Collected data entries
# # # #

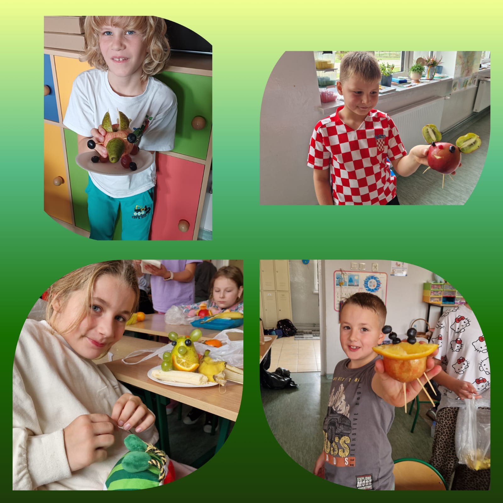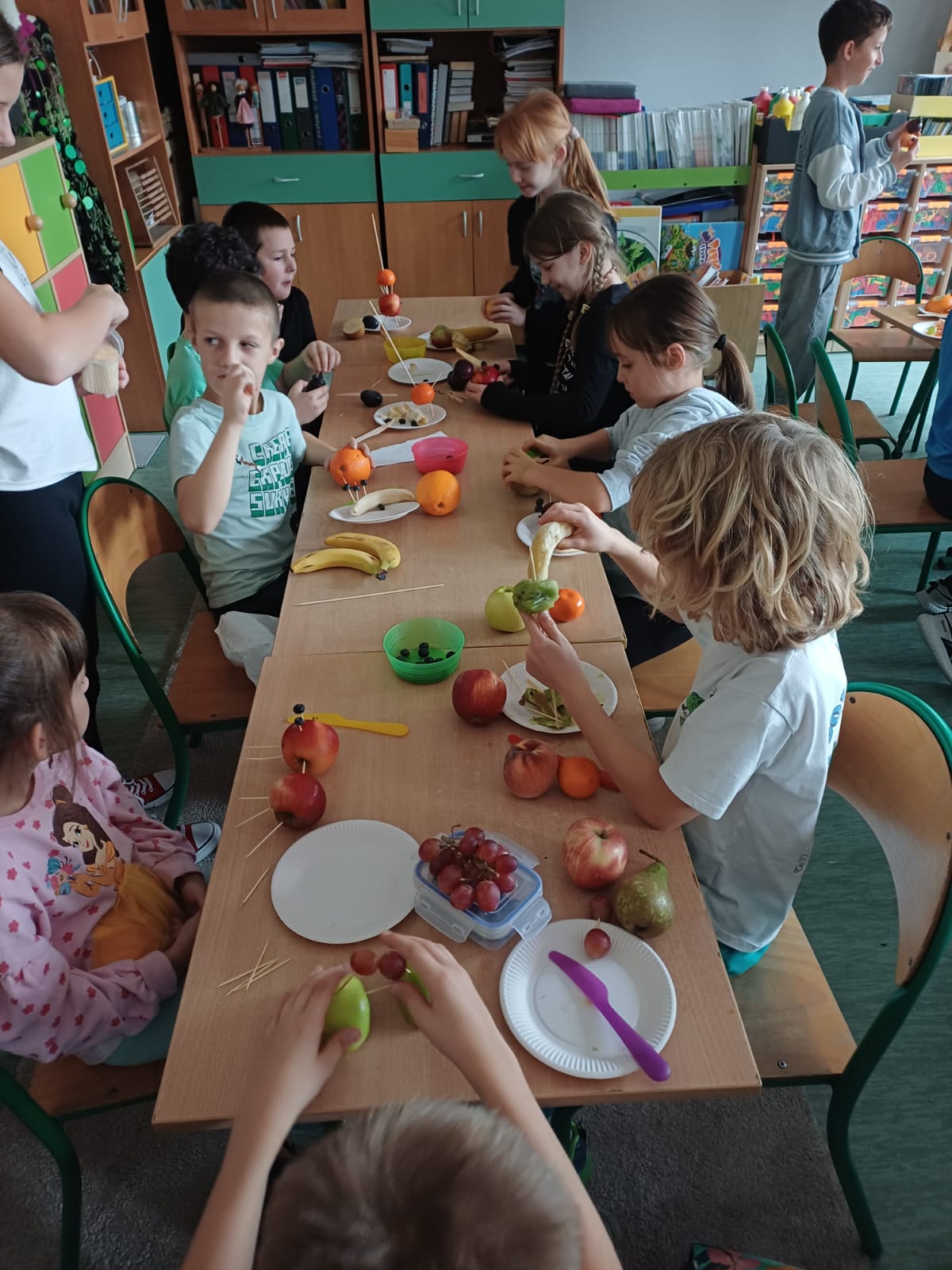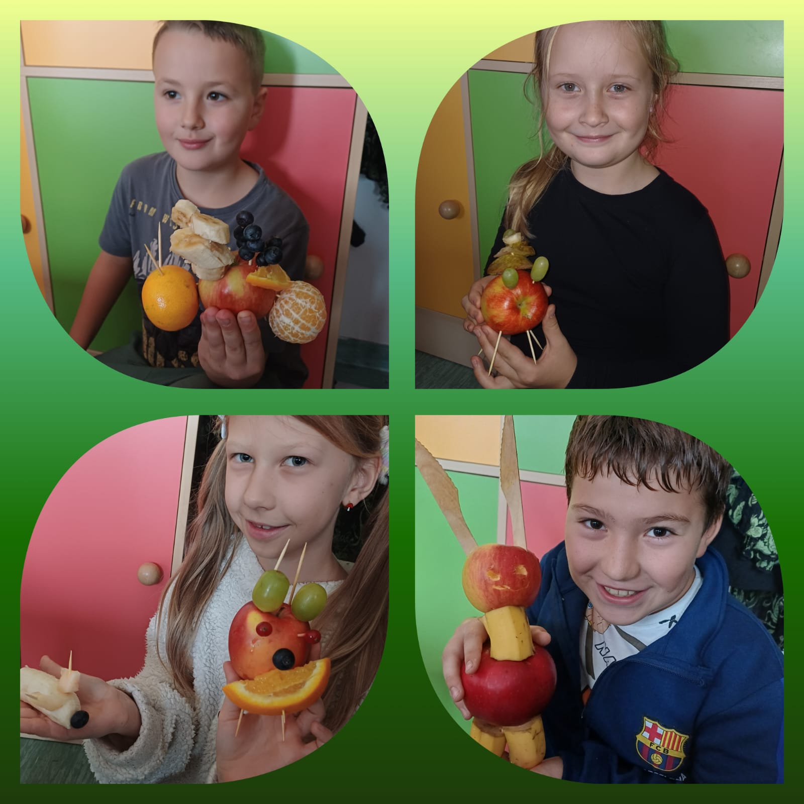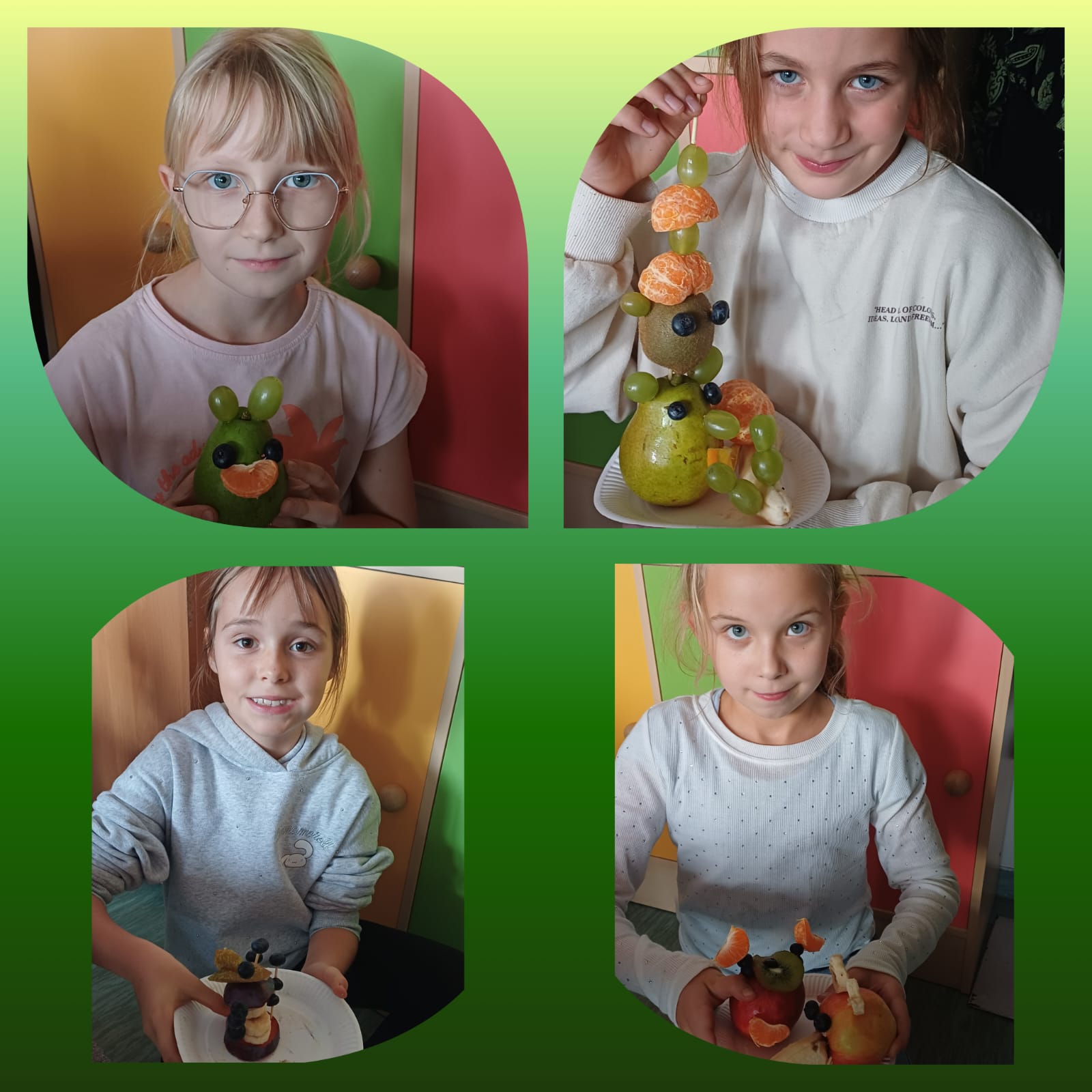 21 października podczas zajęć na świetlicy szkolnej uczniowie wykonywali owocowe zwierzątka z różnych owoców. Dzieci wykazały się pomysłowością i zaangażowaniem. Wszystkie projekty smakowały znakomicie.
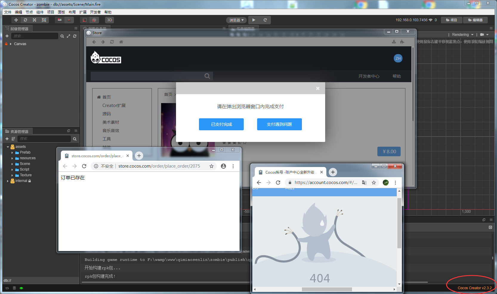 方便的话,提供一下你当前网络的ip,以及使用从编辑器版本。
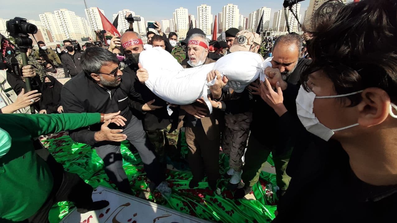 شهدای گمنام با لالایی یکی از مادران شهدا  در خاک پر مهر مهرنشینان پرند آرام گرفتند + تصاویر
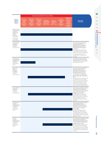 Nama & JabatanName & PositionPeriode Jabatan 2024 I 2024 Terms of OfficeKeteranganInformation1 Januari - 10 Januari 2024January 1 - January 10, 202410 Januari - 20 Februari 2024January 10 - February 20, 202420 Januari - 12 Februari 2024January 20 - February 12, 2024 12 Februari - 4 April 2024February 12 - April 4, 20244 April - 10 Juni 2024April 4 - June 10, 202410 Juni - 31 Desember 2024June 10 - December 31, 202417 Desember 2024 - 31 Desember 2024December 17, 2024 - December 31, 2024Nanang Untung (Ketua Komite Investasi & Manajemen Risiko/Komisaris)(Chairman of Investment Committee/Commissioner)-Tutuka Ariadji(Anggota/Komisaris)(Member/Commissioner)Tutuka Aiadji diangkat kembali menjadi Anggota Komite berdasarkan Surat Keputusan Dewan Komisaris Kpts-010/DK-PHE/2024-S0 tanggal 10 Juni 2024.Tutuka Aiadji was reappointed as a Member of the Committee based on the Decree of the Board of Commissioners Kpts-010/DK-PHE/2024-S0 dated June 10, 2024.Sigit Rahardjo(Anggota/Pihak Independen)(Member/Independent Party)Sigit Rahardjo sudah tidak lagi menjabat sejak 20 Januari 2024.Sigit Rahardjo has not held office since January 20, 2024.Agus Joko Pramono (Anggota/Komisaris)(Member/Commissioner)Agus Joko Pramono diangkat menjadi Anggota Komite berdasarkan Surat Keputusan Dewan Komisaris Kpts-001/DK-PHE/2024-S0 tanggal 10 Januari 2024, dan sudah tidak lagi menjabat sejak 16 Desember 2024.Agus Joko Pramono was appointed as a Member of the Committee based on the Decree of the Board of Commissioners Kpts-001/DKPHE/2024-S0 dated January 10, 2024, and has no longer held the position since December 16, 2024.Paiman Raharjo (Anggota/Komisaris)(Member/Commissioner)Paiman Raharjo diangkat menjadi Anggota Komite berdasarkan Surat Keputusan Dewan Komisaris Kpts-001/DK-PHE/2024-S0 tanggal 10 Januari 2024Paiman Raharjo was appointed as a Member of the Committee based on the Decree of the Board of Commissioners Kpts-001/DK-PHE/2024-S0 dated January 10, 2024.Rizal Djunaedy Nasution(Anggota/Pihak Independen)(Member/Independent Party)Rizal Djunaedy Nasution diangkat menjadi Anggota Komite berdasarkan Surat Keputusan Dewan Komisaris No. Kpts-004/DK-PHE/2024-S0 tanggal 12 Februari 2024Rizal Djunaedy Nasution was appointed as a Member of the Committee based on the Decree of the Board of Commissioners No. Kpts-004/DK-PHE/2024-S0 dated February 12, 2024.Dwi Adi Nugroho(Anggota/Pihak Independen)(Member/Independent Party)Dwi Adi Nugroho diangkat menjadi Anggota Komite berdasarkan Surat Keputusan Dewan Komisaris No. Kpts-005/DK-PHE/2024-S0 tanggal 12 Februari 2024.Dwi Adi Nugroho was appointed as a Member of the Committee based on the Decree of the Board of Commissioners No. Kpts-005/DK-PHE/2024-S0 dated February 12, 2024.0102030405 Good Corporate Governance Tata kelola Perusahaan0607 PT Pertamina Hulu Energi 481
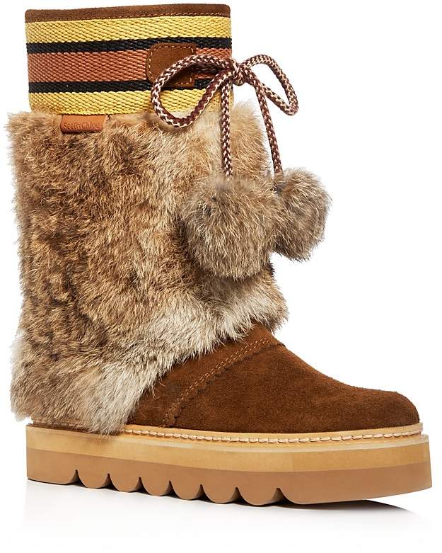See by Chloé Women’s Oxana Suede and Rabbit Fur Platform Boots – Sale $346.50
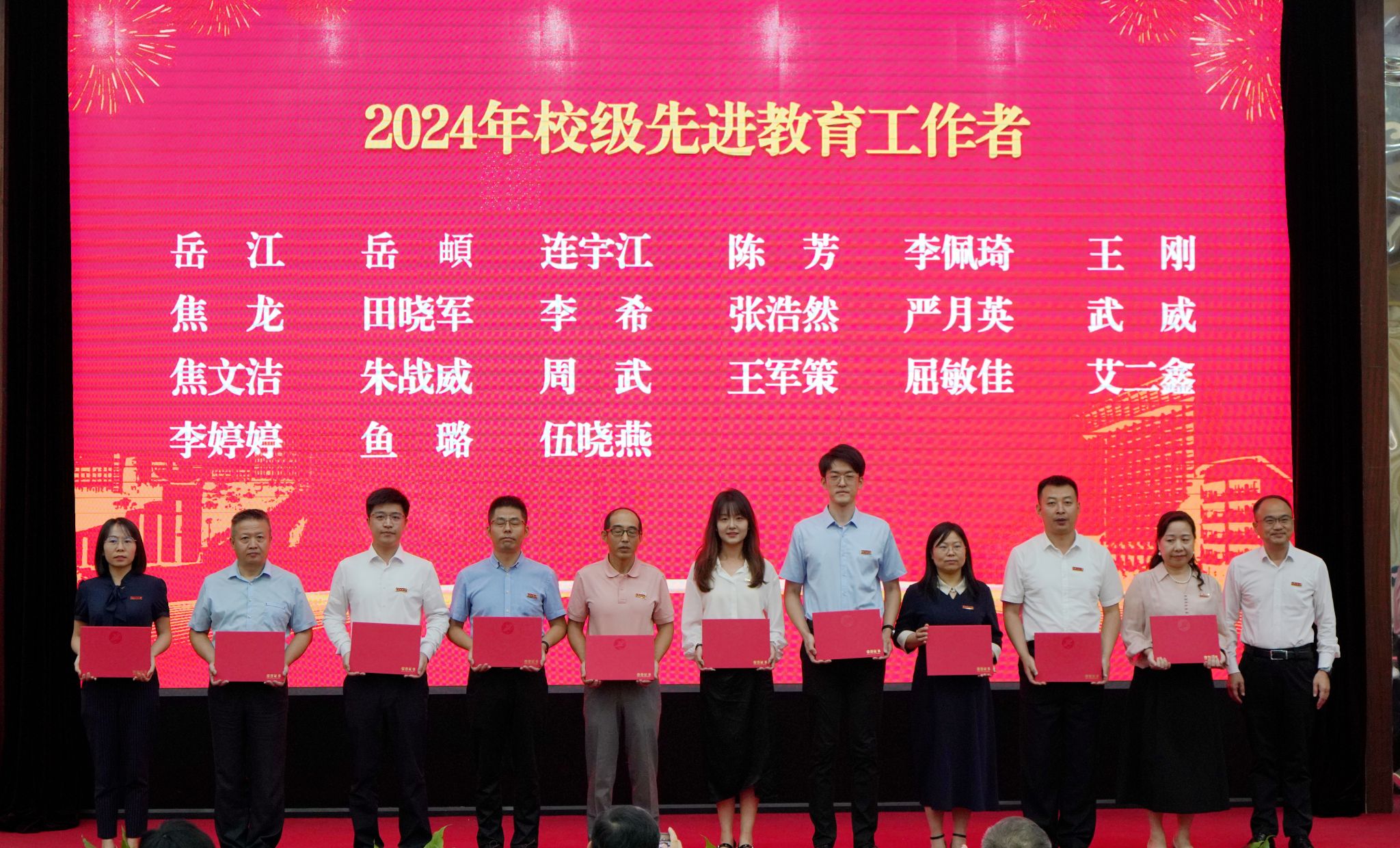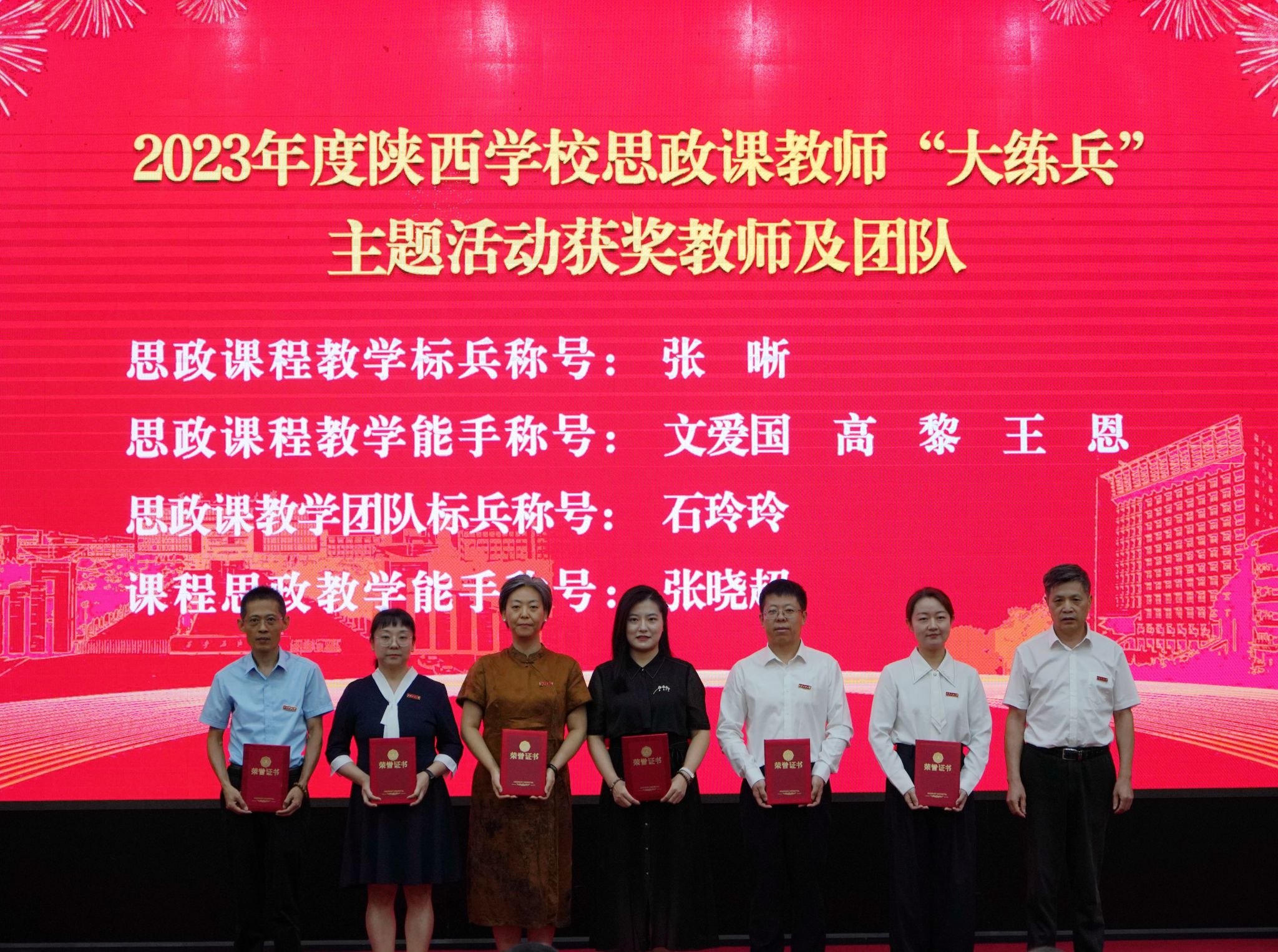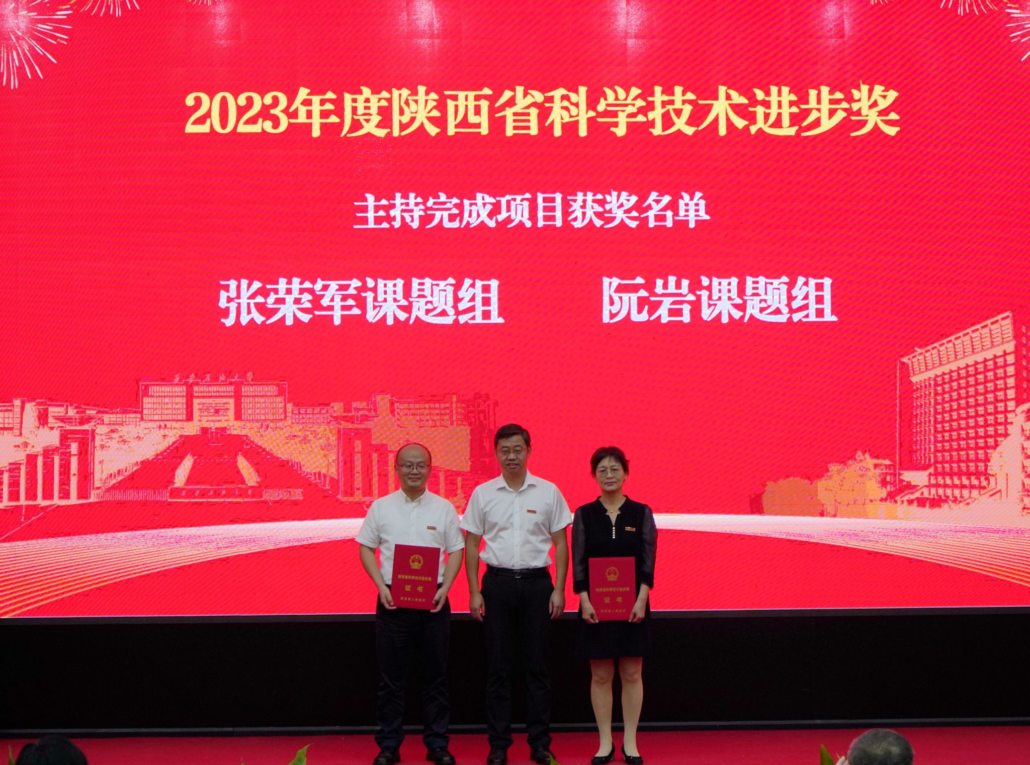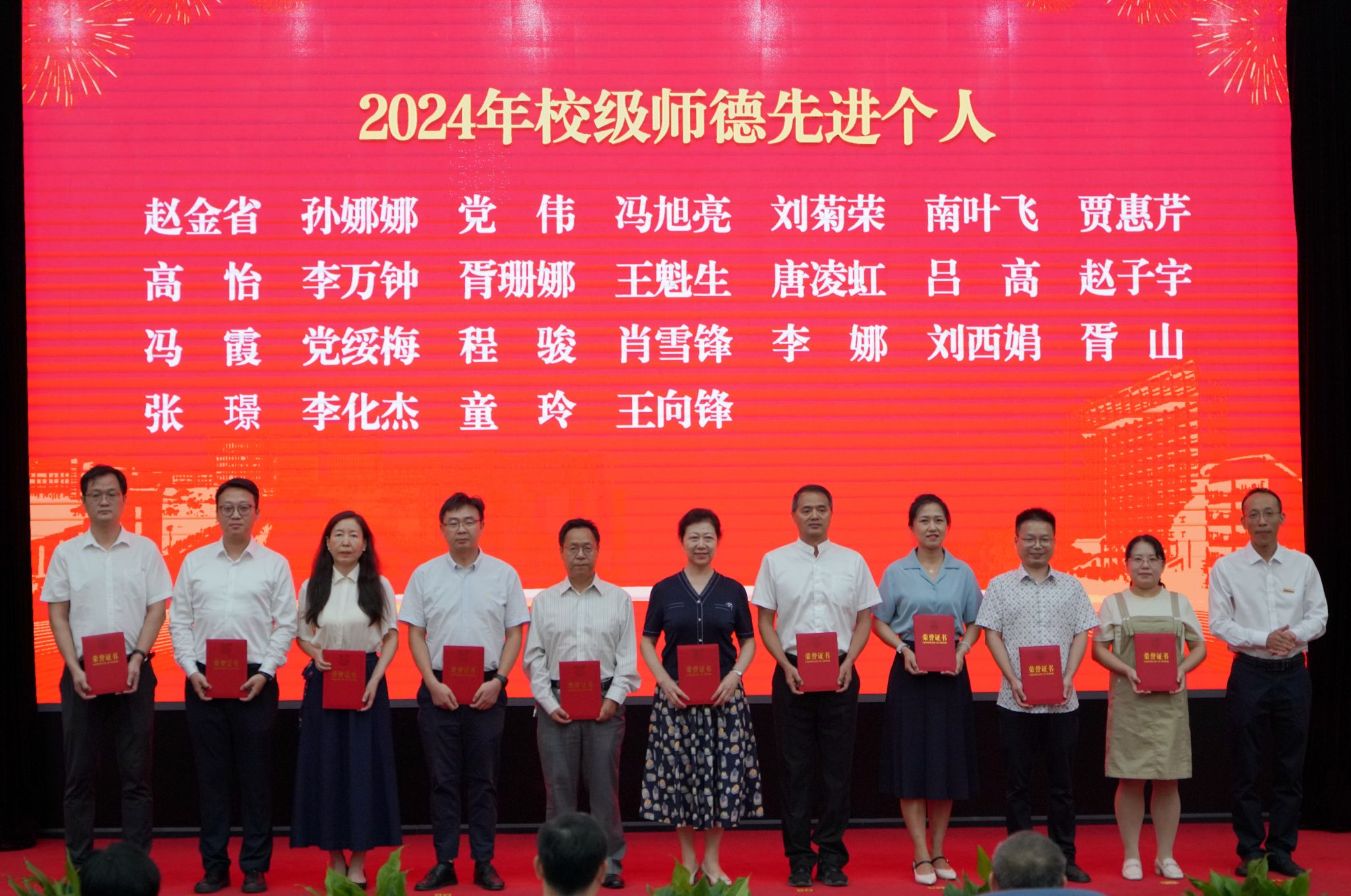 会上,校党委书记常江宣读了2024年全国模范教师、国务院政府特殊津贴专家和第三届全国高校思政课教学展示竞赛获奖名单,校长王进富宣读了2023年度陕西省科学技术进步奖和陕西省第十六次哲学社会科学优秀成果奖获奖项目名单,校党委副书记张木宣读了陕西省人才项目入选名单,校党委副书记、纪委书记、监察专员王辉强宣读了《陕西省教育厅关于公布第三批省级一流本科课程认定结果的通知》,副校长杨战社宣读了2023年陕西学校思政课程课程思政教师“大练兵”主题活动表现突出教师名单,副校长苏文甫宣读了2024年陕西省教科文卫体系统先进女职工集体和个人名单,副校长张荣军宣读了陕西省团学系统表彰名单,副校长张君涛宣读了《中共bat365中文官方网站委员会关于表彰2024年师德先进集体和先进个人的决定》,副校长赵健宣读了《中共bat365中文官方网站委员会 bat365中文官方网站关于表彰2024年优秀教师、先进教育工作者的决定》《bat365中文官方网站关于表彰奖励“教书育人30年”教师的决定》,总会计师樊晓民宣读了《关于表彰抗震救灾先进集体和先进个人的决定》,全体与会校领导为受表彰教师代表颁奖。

# # # #

What you have to do:
Both the first line of the records above and the line containing "شهدای گمنام با" belong in the copy; please return them and every line between, exactly, minus the pictures.

Expected output:
 21 października podczas zajęć na świetlicy szkolnej uczniowie wykonywali owocowe zwierzątka z różnych owoców. Dzieci wykazały się pomysłowością i zaangażowaniem. Wszystkie projekty smakowały znakomicie.
 方便的话,提供一下你当前网络的ip,以及使用从编辑器版本。
 شهدای گمنام با لالایی یکی از مادران شهدا  در خاک پر مهر مهرنشینان پرند آرام گرفتند + تصاویر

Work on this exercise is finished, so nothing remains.